By the way, the author first walked the Camino, missed the Way, so cycled it numerous times... Sounds familiar?
 

Gilmour

New Member
Camino(s) past & future
Camino de frances
Kat. Do the two Albergues in Cizur accommodate bikes ? And if not can they be safely stored?
 

Kat Kostrzewska

Online guide https://caminodesantiagobybike.co.uk
Camino(s) past & future
Camino Frances (2006, 2009, 2010, 2011, 2018), Via Tolosana (2012) Camino Norte (2014)
Hi Gilmour! There are two albergues in Cizur Menor. First one run by the Order of Malta doesn’t have designated space for bikes. It is very friendly place run by the volunteers, but rather small. The other one run by the Roncal family is very spacious. They have a lovely garden and space for bikes. You meet there all the cyclists that decided not to stay in Pamplona.

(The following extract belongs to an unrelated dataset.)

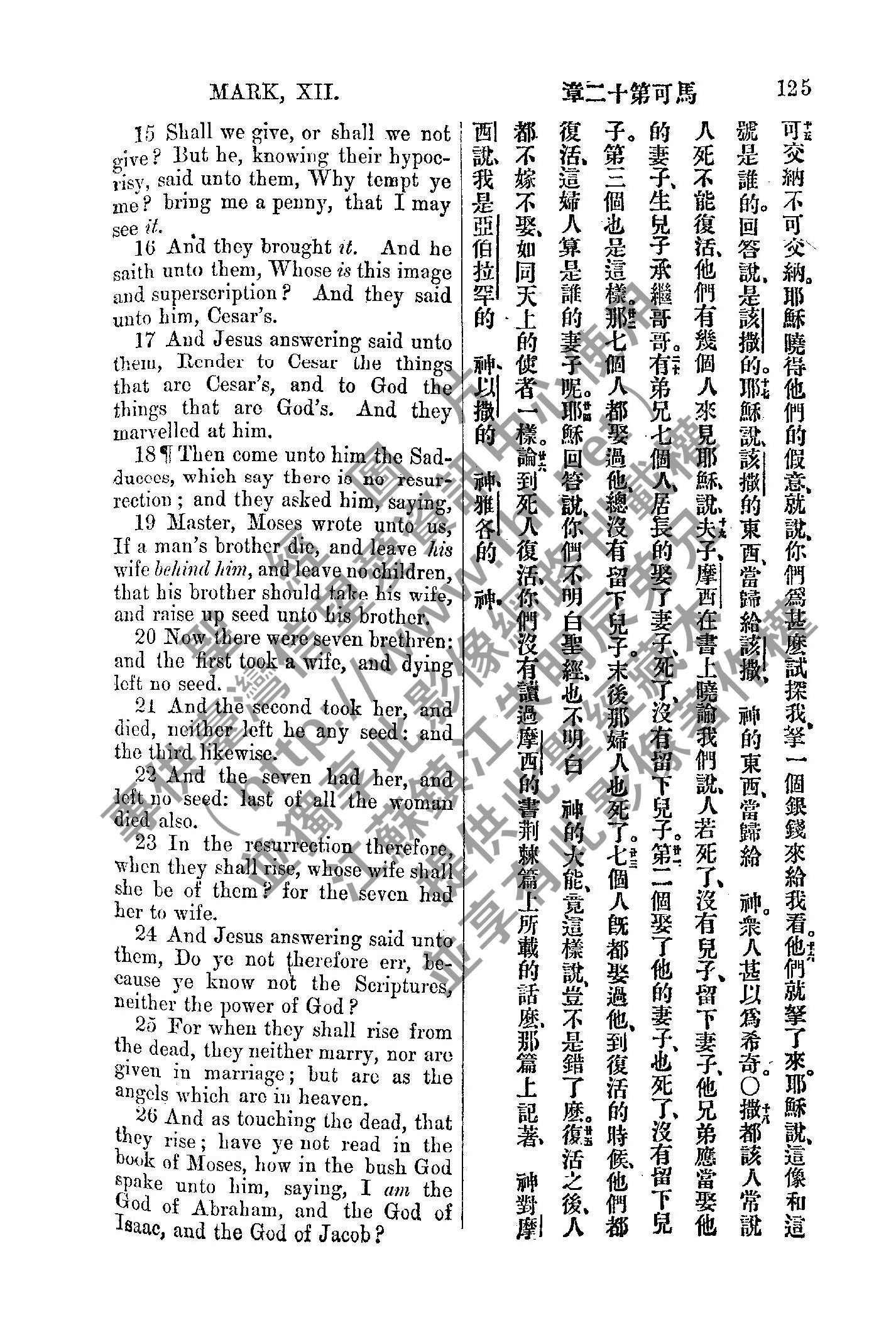 1885年新約全書 馬可福音 12 章 15 節到 12 章 26 節

Personally I love it.
By the way - Albergue de Jesus y Maria in Pamplona (by the Cathedral) is also a good place for cyclist.
 

Gilmour

New Member
Camino(s) past & future
Camino de frances
Thank you for that . Can I ask if we follow your trail should we book ahead to these Albergues ? Have the time now but maybe busier in May and struggle to get sorted ? Opinion please
 

Kat Kostrzewska

Online guide https://caminodesantiagobybike.co.uk
Camino(s) past & future
Camino Frances (2006, 2009, 2010, 2011, 2018), Via Tolosana (2012) Camino Norte (2014)
I'm so sorry for a late reply Gilmour.

Everybody is different, but personally I wouldn't book anything. It will give you a freedom of staying whenever you will feel like staying on the day rather than where you booked beforehand. Both of the albergues in Cizur are opened in May, Pamplona's one is open all year long.

I haven't done the Camino in May, but I cycled in June, a month that is definitely busier. I had never any problem with accommodation. Saying that - I haven't had any problems with finding a bed on late August's afternoons... I always have a trust in my best friend St James that he will find me an place for the night. And he always does. Sometimes it is the last bed.

Have a trust in Camino de Santiago. It's a route like no other you have done before.